*TASK PROMPT*: Transcribe the entries below word for word, beginning at the line with "Kuchyňská linka je" and stopping after the line with "商品名称:美德威小高音儿童型萨克斯 高音弯管萨克斯风/管MSSC-300"; drop all pictures.

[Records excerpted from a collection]
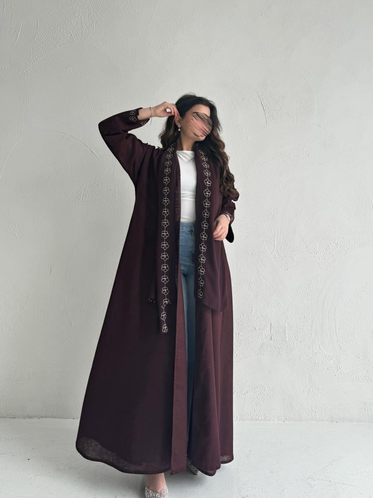 عباية لنن عودي مع تطريز يدوي
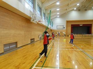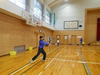 午後からは男子ソフトテニス部のみが体育館で練習をしています。顧問の先生の指導を受けながら、正確にボールをとらえて打つをテーマに取り組んでいました。
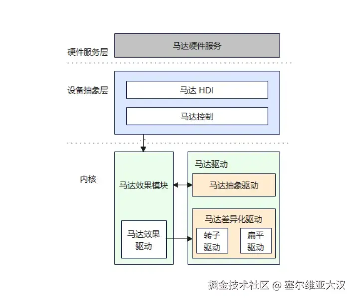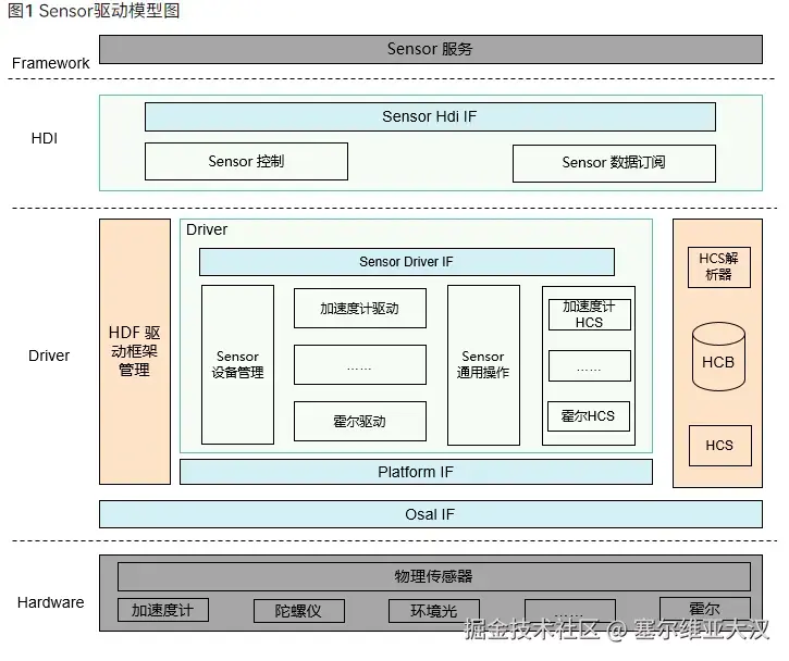 Vibrator 驱动模型主要包含 Vibrator(传感器)相关的 HDI 接口与实现,提供 Vibrator HDI(Hardware Driver Interface)能力接口,支持静态 HCS 配置的时间序列和动态配置持续时间两种振动效果。调用 StartOnce 接口动态配置持续振动时间;调用 StartEffect 接口启动静态配置的振动效果。 图 1 Vibrator 驱动模型图
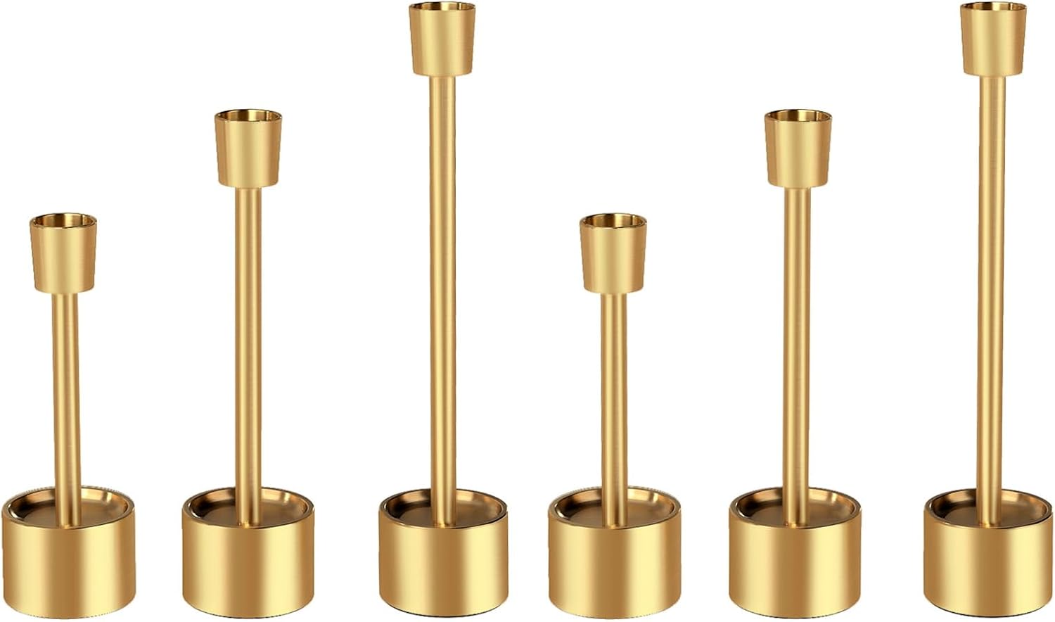 YUMORE 6 Packs Small Taper Candle Holders Candlestick Holder Stable Base Stand Holders for Dining Table Wedding Centerpiece (Gold)
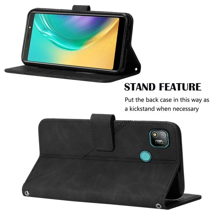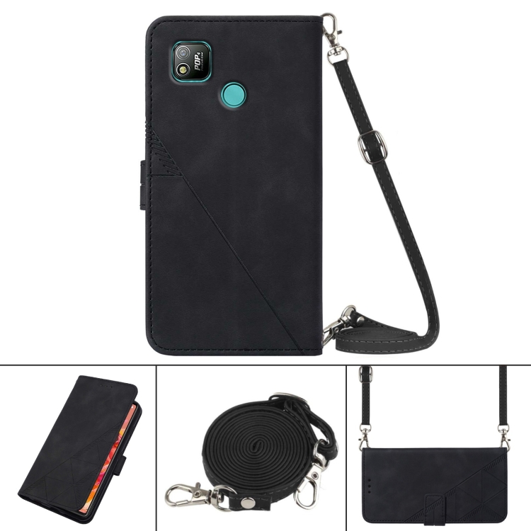 Funda de Cuero 3D para Tecno Pop 4 Crossbody (Negro)
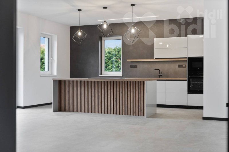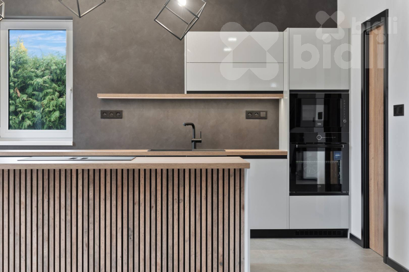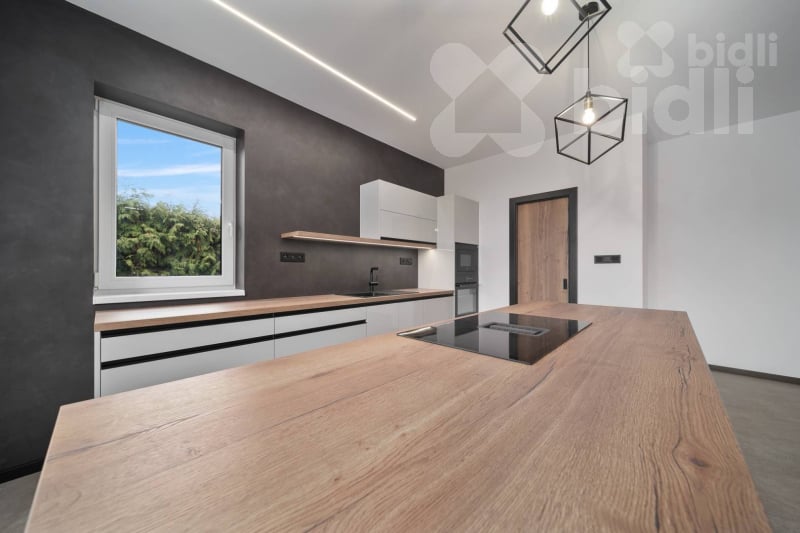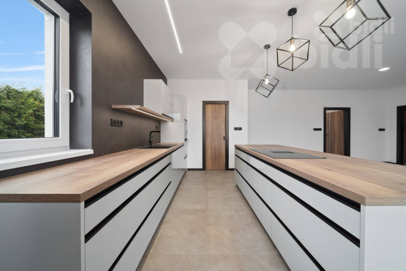 Kuchyňská linka je vyrobena na míru a osazena kvalitními spotřebiči (např. Franke - varná deska s integrovaným odsáváním). Velkou výhodou je samostatná spíž přístupná přímo z kuchyně.
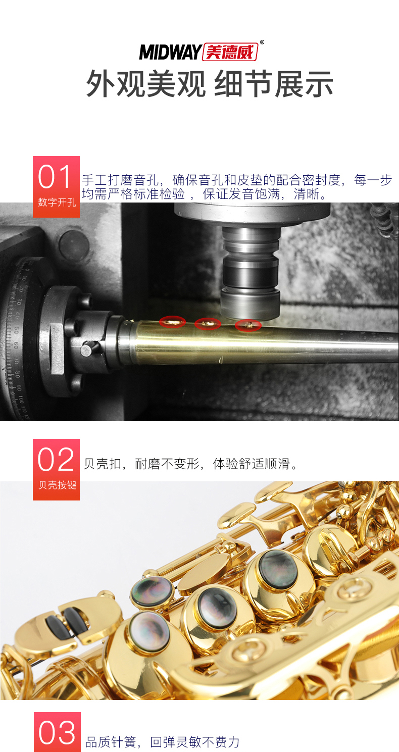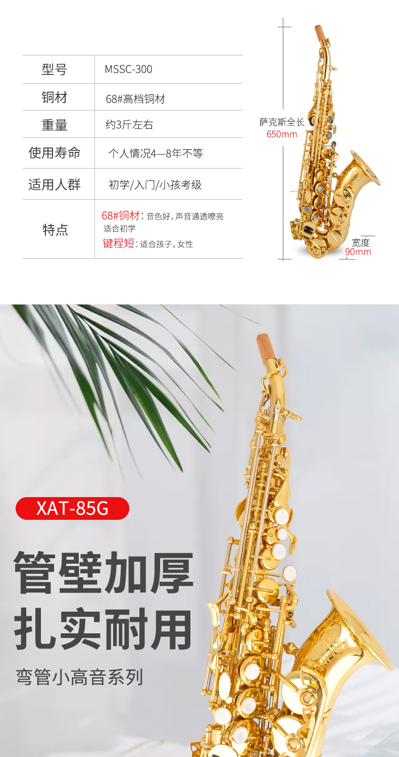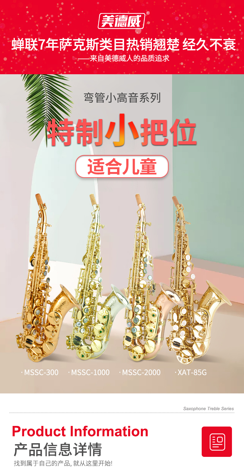 商品名称:美德威小高音儿童型萨克斯 高音弯管萨克斯风/管MSSC-300
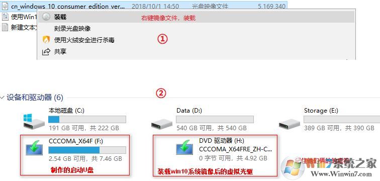 首先装载win10系统镜像到虚拟光驱;使用系统自带的dism命令工具将原镜像文件中的install.wim拆分为多个小的文件,并拷贝到启动U盘里面的source下。拆分操作会形成2个文件:install.swm和install2.swm来替代install.wim。这样4GB限制问题就解决了!
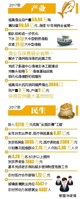 2017年,临高渔业总产量50.64万吨,增加值90.54亿元,连续19年保持全省第一。船队结构进一步优化,下水31艘大中型钢质渔船,改造21艘大中型渔船。渔业互保费居全省第一,解决了渔民闯深海的后顾之忧。也是在这一年,临高还完成了新盈中心渔港主体工程建设,完善头咀等5个渔港基础设施,现代化渔港群初现雏形。当前,临高深水抗风浪网箱养殖达3086口,年产量3万吨,产值9亿元,保持亚洲最大基地地位。
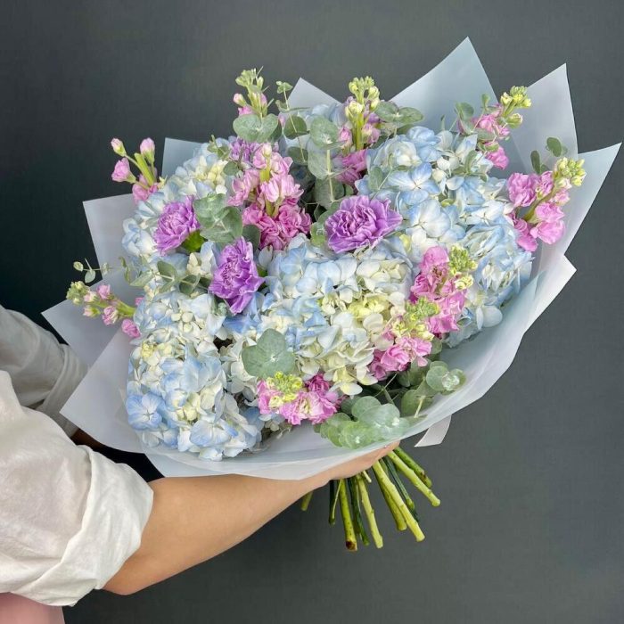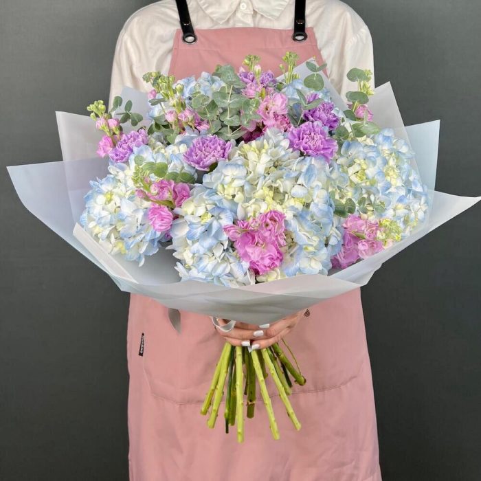 Авторский букет голубая Гортензия и ароматная Маттиола
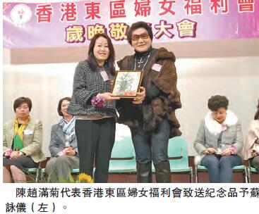 蘇詠儀赞揚該會成立至今一直堅持服務群眾,安老護幼,為婦女謀福利,對社會貢獻良多。她指出,政府一直關心長者福祉,除在社區宣揚和推廣敬老、護老的信息外,亦撥備了大量資源,近年推出了長者社區照顧服務券試驗計劃、智友醫社同行先導計劃、長者兩元乘車優惠計劃等,冀助長者安居樂業,安享晚年。
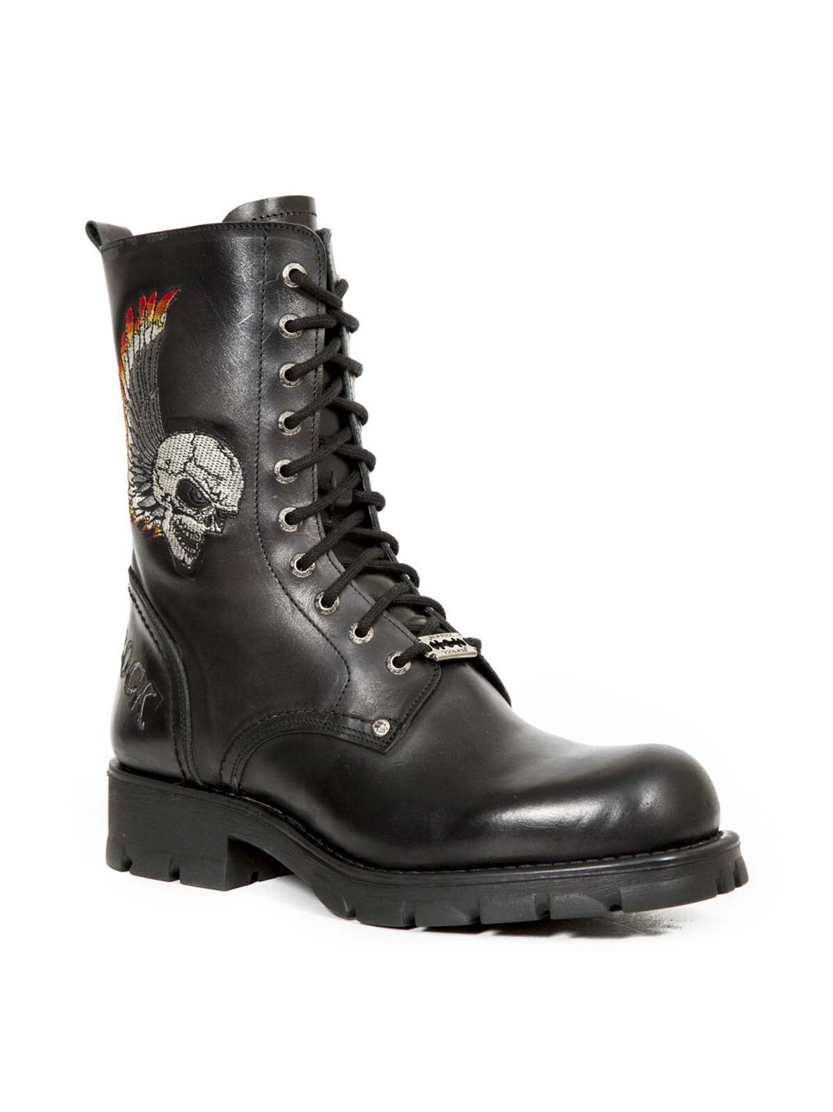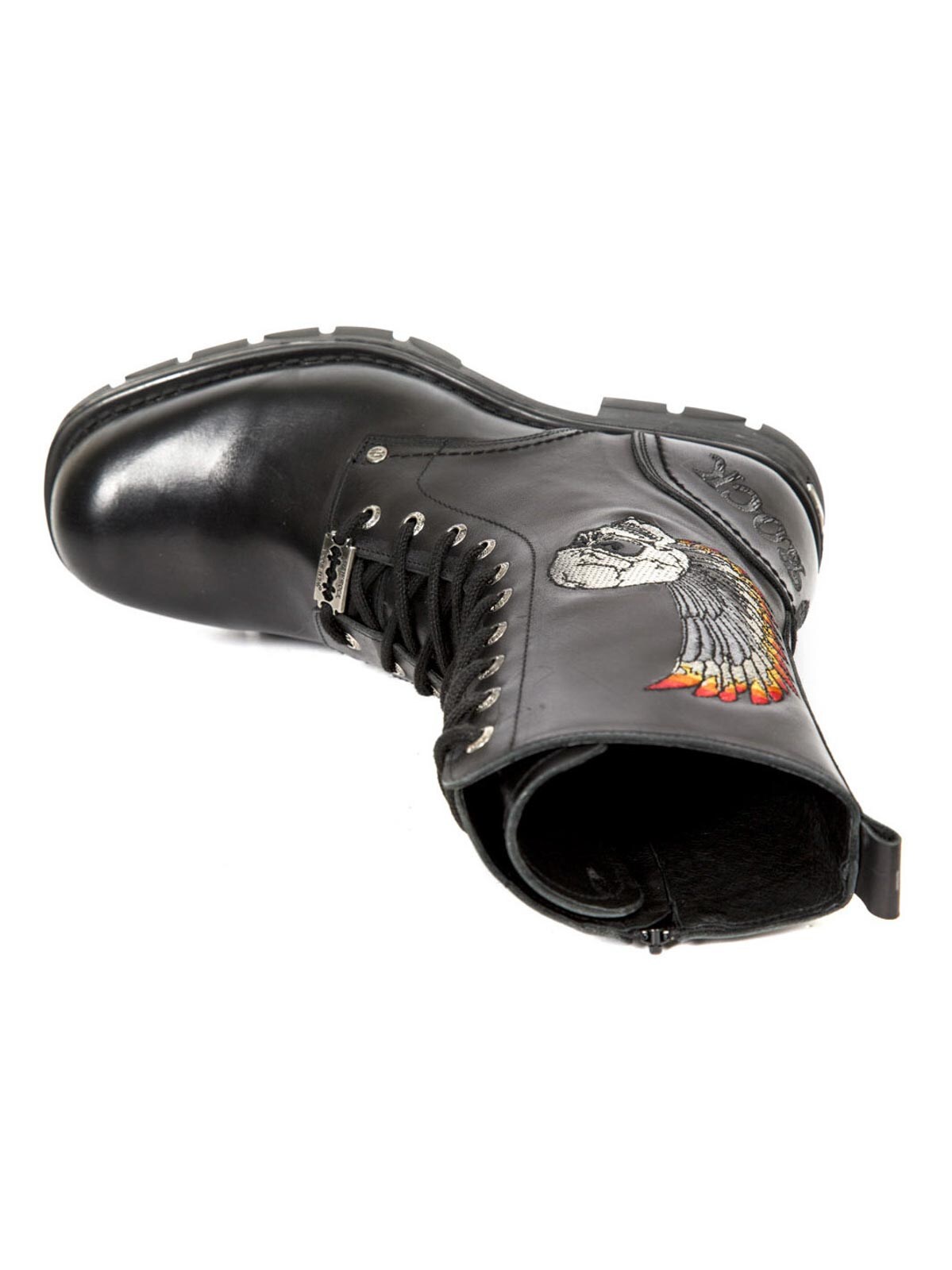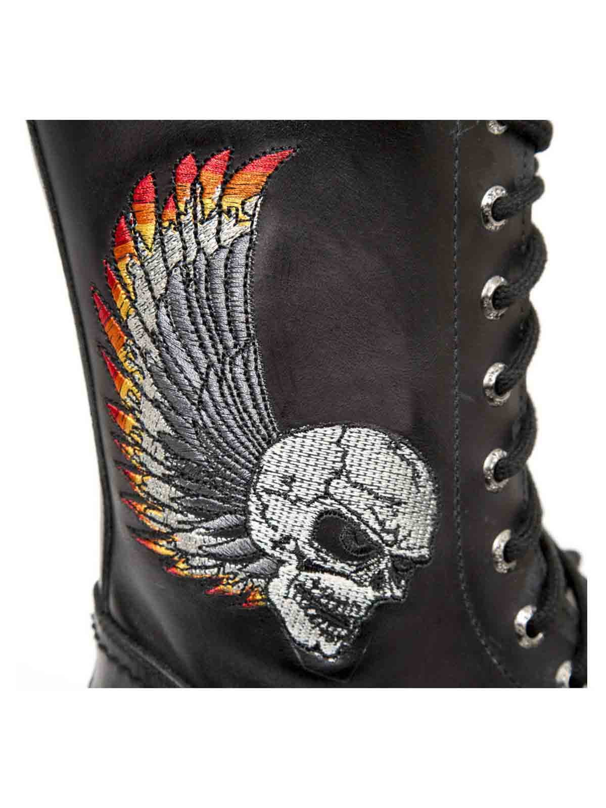 Czarne buty z haftowanym wzorem uskrzydlonej czaszki. Posiadają wysoką cholewkę ze sznurowadłami oraz zamek błyskawiczny po wewnętrznej stronie, który ułatwia ich zakładanie i zdejmowanie. Wykonane ręcznie z prawdziwej skóry i dostępne w limitowanych edycjach, dzięki czemu każdy but jest wyjątkowy.

*RESULT FOR THIS TASK*:
 Kuchyňská linka je vyrobena na míru a osazena kvalitními spotřebiči (např. Franke - varná deska s integrovaným odsáváním). Velkou výhodou je samostatná spíž přístupná přímo z kuchyně.
 商品名称:美德威小高音儿童型萨克斯 高音弯管萨克斯风/管MSSC-300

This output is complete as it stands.